(Task prompt) Every line below from the one containing "本設備是一款針對3C制造行業" through the one containing "交易策略:在1850.00 之下看跌,目标1820.00 1800.00" is to be printed exactly, with the pictures omitted.

(Provided data)
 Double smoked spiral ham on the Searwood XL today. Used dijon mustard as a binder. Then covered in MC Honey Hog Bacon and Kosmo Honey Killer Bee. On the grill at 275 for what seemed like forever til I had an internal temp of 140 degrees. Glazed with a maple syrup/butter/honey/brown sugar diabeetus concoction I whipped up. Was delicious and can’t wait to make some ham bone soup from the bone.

==

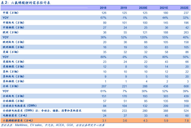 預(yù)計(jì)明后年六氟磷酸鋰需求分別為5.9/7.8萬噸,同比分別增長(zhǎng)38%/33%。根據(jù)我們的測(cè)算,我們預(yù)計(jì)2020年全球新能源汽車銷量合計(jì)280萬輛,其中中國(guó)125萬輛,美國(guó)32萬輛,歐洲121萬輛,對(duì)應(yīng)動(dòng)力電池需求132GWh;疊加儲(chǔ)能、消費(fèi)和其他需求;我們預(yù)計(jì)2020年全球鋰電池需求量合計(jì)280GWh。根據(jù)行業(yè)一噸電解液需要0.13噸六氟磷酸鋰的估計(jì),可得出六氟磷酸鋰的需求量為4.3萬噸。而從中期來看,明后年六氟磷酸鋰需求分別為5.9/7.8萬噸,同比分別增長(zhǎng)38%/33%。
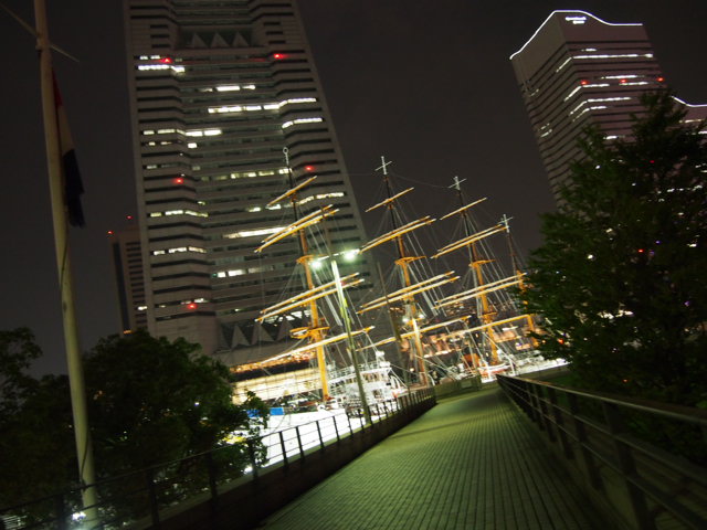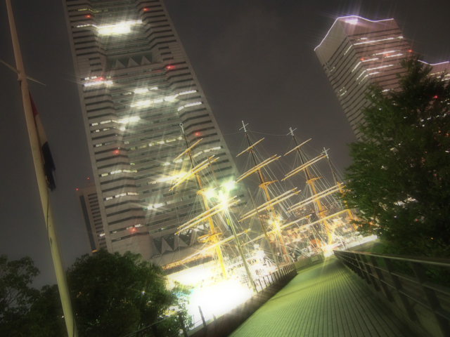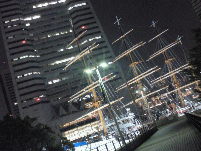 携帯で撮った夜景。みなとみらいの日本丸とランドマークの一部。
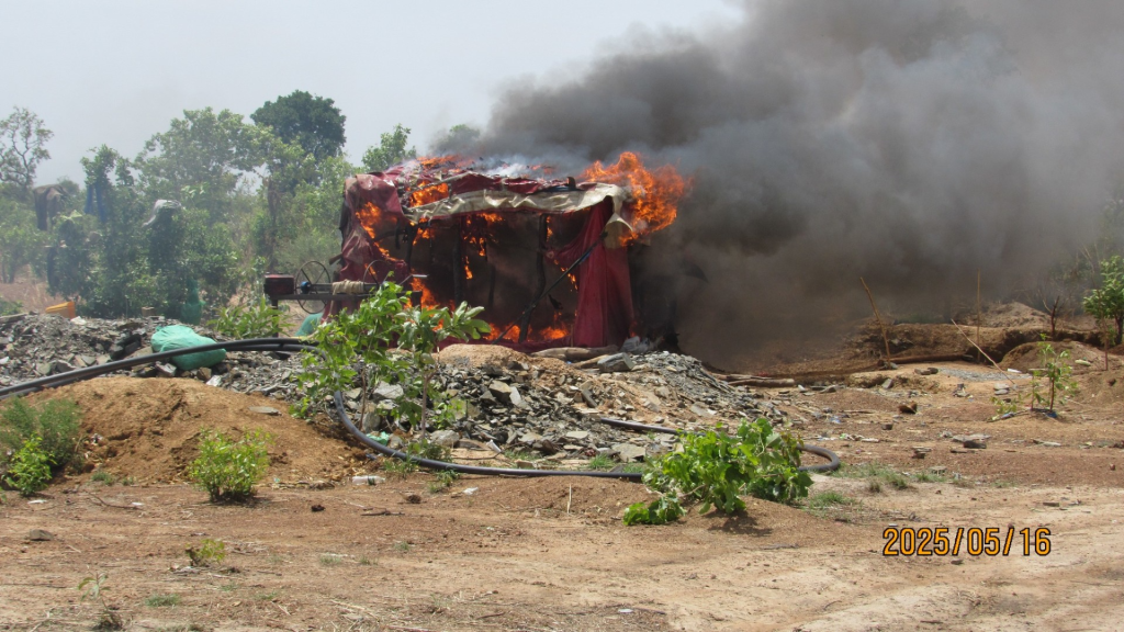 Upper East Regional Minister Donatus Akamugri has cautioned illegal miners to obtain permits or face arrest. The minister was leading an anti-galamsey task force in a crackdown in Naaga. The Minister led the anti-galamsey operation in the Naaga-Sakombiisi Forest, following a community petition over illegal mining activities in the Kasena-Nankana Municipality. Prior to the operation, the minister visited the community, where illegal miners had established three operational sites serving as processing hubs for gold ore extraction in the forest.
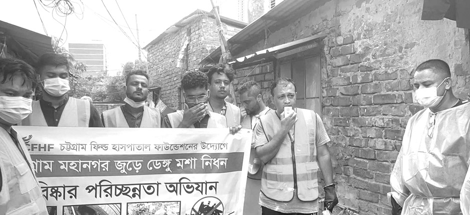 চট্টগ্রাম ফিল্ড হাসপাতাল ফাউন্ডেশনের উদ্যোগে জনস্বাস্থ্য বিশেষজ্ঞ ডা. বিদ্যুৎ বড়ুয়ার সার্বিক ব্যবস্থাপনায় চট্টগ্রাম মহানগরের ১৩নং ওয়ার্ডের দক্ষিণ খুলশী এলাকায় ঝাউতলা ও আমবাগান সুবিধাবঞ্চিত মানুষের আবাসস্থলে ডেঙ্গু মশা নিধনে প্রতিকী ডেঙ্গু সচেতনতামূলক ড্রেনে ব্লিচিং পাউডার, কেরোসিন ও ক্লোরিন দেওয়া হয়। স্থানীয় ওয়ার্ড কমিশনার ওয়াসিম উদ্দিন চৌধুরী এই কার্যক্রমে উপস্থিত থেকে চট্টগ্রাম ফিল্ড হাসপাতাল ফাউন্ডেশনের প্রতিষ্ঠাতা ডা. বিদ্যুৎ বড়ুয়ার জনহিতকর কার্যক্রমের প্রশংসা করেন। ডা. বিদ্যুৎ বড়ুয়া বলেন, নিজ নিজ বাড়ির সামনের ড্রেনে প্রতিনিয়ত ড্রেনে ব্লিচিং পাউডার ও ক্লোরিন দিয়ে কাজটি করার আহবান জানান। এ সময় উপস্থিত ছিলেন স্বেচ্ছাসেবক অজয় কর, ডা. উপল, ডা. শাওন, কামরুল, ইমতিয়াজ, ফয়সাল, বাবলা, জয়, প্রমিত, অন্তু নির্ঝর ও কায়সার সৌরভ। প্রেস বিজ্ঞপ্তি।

...

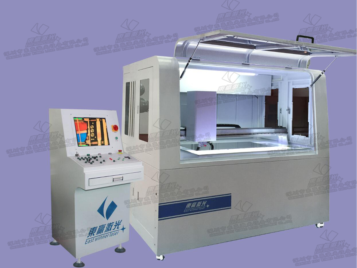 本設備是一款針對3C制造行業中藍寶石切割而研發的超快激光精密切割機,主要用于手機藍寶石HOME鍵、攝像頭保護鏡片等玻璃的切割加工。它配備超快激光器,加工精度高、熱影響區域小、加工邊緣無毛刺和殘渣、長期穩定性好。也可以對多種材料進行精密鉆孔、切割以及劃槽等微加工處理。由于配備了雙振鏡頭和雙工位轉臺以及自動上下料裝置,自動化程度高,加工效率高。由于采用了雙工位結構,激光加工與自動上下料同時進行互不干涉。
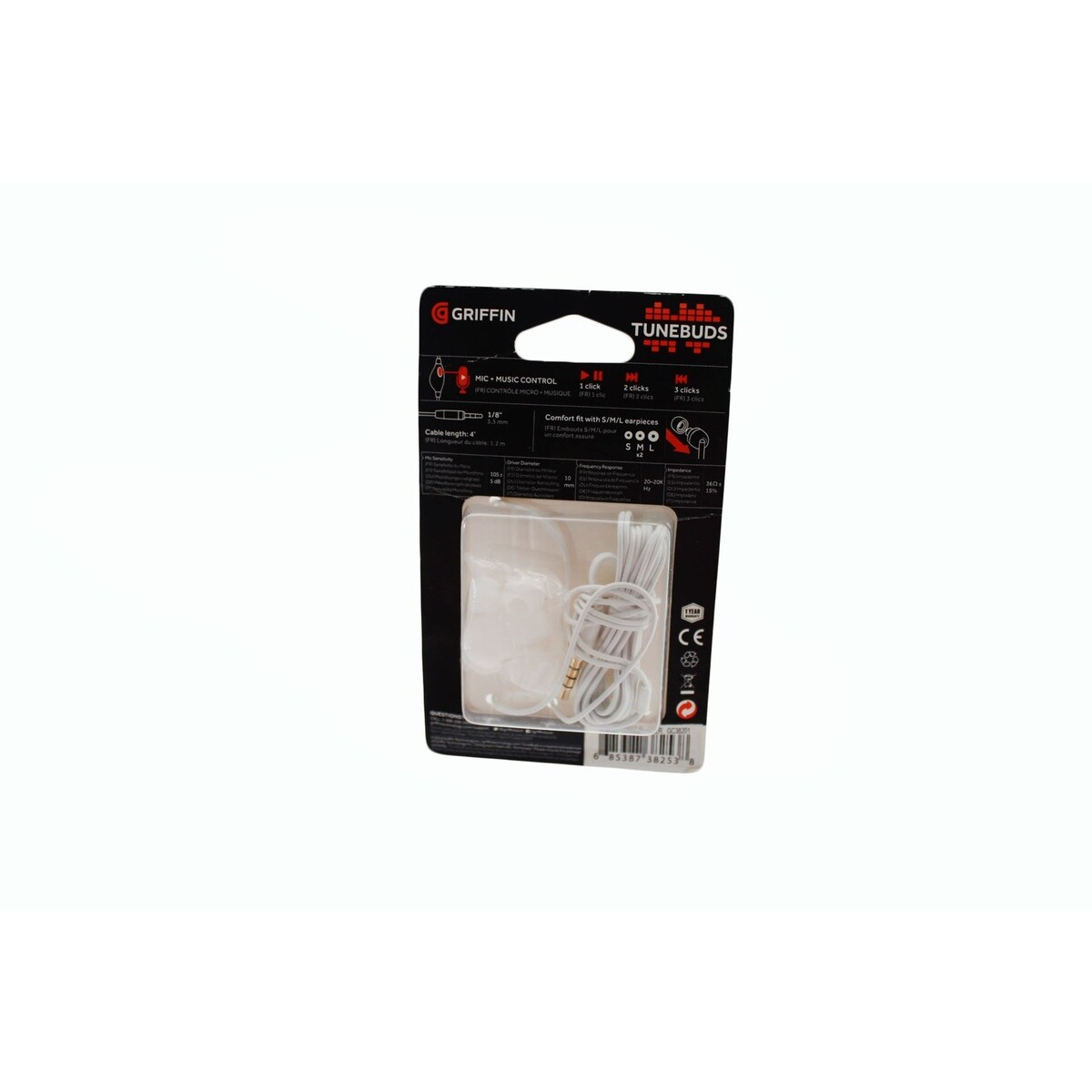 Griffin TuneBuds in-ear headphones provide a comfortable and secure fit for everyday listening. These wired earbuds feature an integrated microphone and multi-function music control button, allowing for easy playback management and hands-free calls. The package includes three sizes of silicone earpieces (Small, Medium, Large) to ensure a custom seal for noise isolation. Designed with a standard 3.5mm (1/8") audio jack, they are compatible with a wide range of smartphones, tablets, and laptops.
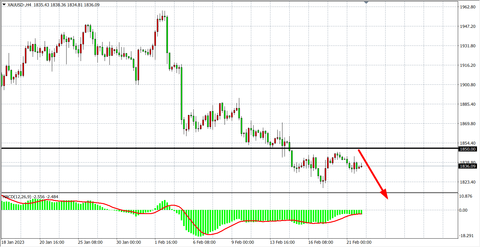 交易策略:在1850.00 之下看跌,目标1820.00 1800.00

(Exercise solution)
 本設備是一款針對3C制造行業中藍寶石切割而研發的超快激光精密切割機,主要用于手機藍寶石HOME鍵、攝像頭保護鏡片等玻璃的切割加工。它配備超快激光器,加工精度高、熱影響區域小、加工邊緣無毛刺和殘渣、長期穩定性好。也可以對多種材料進行精密鉆孔、切割以及劃槽等微加工處理。由于配備了雙振鏡頭和雙工位轉臺以及自動上下料裝置,自動化程度高,加工效率高。由于采用了雙工位結構,激光加工與自動上下料同時進行互不干涉。
 Griffin TuneBuds in-ear headphones provide a comfortable and secure fit for everyday listening. These wired earbuds feature an integrated microphone and multi-function music control button, allowing for easy playback management and hands-free calls. The package includes three sizes of silicone earpieces (Small, Medium, Large) to ensure a custom seal for noise isolation. Designed with a standard 3.5mm (1/8") audio jack, they are compatible with a wide range of smartphones, tablets, and laptops.
 交易策略:在1850.00 之下看跌,目标1820.00 1800.00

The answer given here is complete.